Problem :: Find the line containing "Bailarinas Mylie de" in the entries; transcribe it and all remaining lines through the end, exactly as they appear, but not the pictures.

** Opening Given records block **

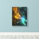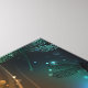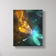 Vuelo de libélula resplandeciente, verde, dibujada de forma artística, con alas transparentes, verdes y amarillas sobre un brillante fondo nocturno con plantas de pantano y luciérnagas. Flauta de dragón resplandeciente.
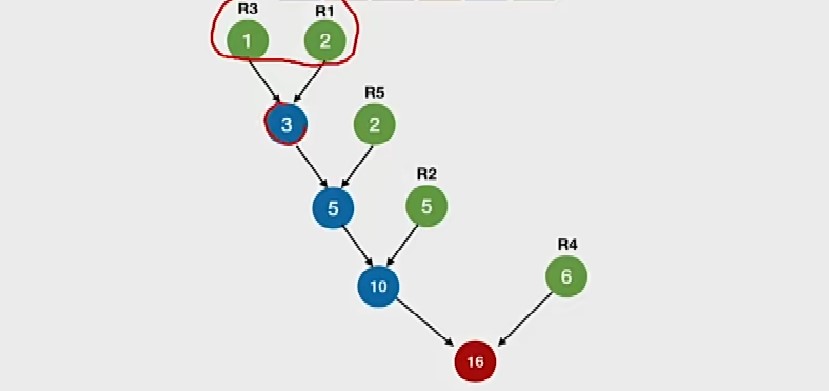 最佳归并树 WPLmin=(1+2)*4+2*3+5*2+6*1=34
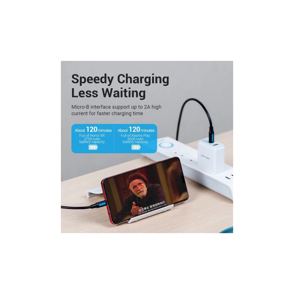 Дата кабель USB-C to Micro 5P 1.5m 10W black VENTION (COVBG)
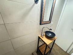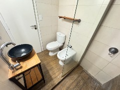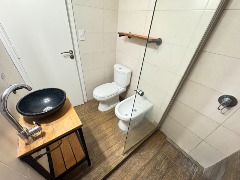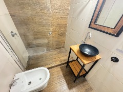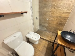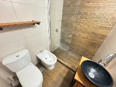 Baño completo con pediluvio, revestimientos en cerámicos y ventilación natural
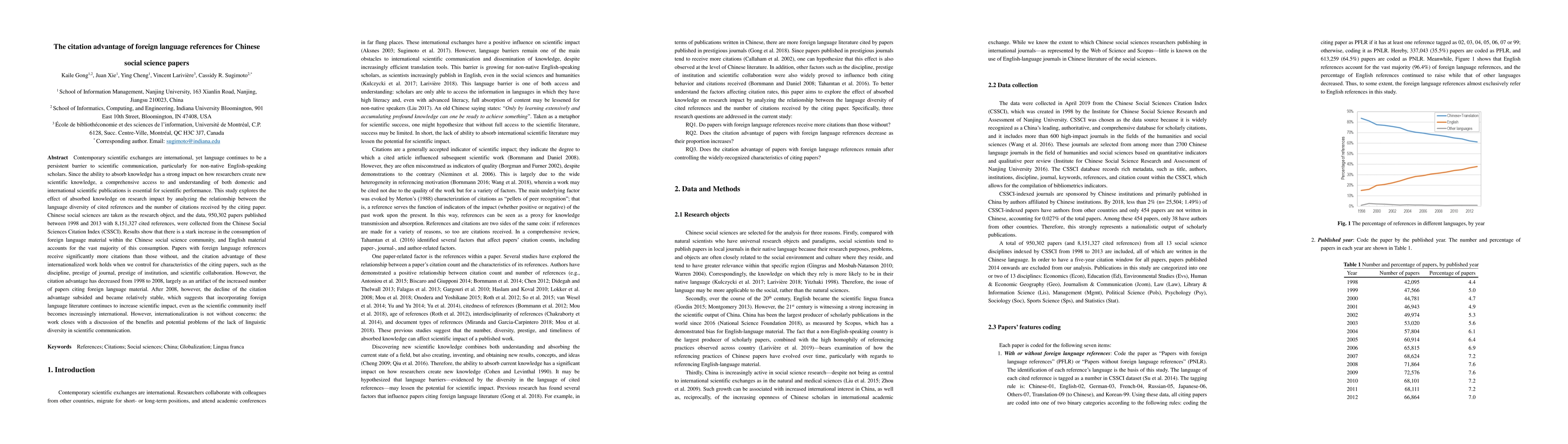 This study investigates the citation advantage of foreign language references in Chinese social science papers, finding that papers citing foreign references, especially in English, receive significantly more citations. The citation advantage has fluctuated over time but stabilized after 2008, indicating ongoing benefits of internationalized research despite concerns about linguistic diversity in scientific communication.
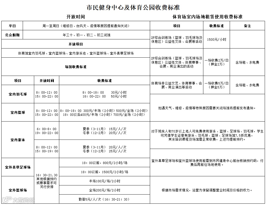 市民健身中心所有项目正式收费~
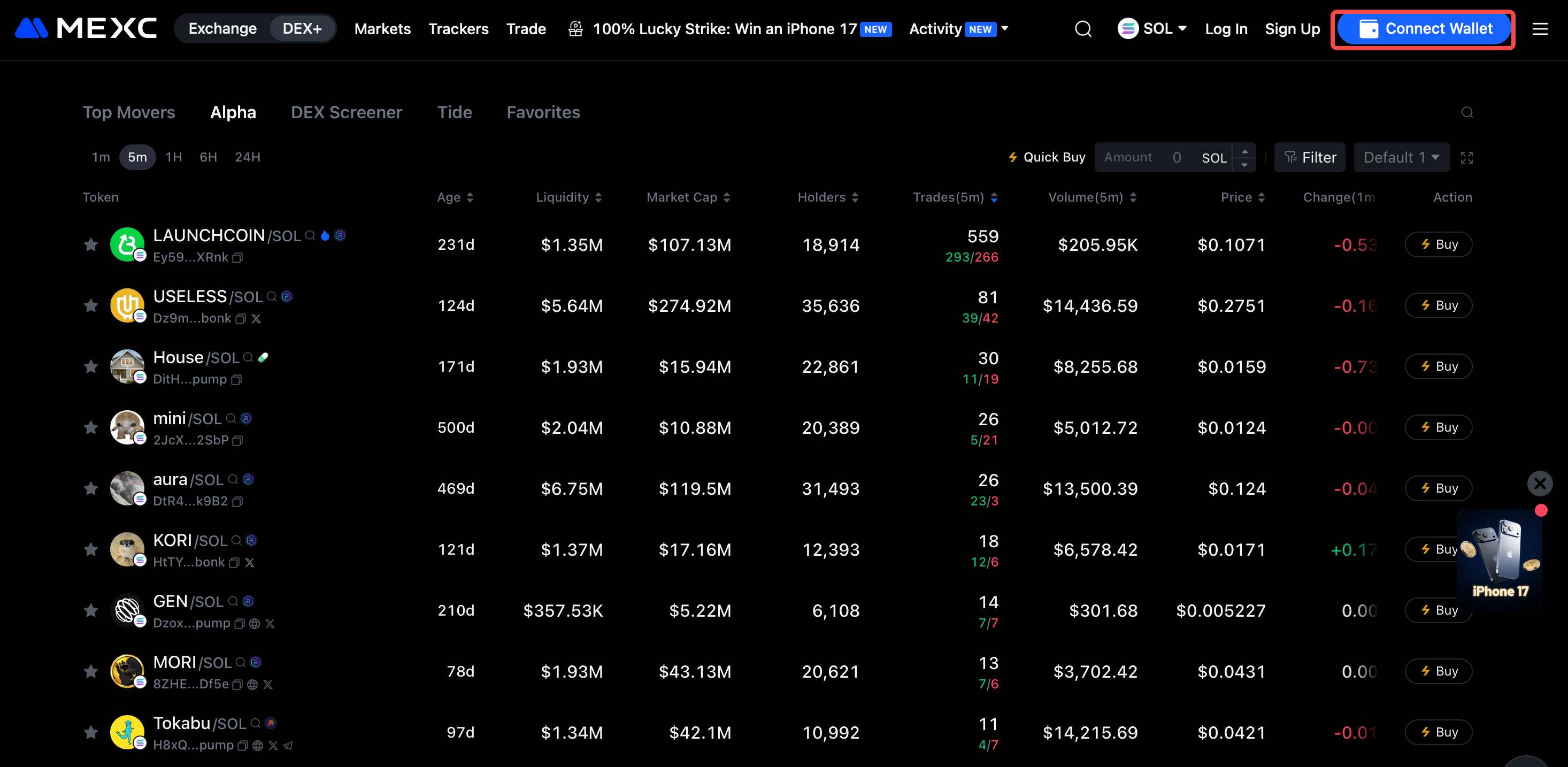 1) Apri MEXC DEX+ e collega il tuo portafoglio.
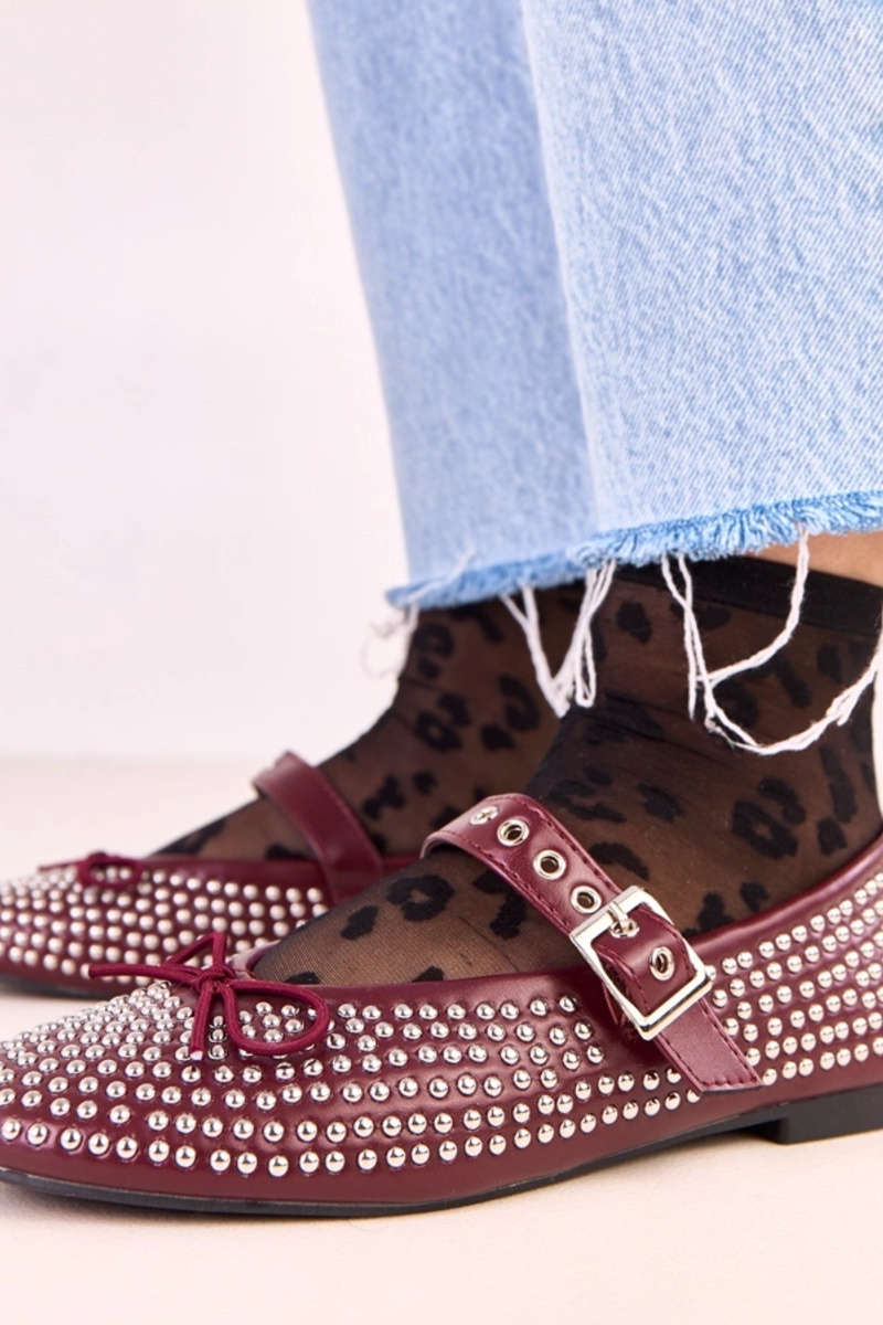 Bailarinas Mylie de color rojo oscuro, decoradas con tachuelas y lazo
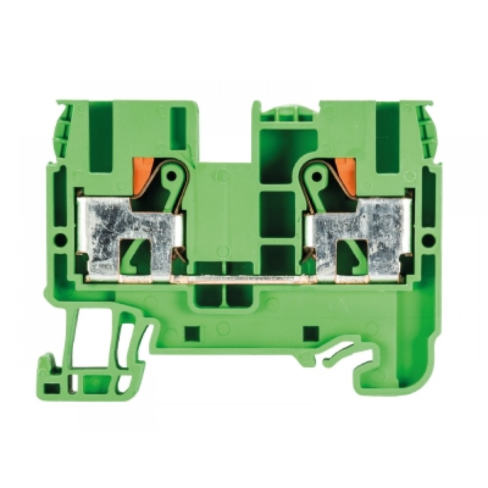 Проходная клемма, тип фиксации провода: Push-in, номинальное сечение: 6/10 мм кв., 57A, 1000V, ширина: 8 мм, цвет: зеленый, тип монтажа: DIN35

** Closing Given records block **

Result of the task ::
 Bailarinas Mylie de color rojo oscuro, decoradas con tachuelas y lazo
 Проходная клемма, тип фиксации провода: Push-in, номинальное сечение: 6/10 мм кв., 57A, 1000V, ширина: 8 мм, цвет: зеленый, тип монтажа: DIN35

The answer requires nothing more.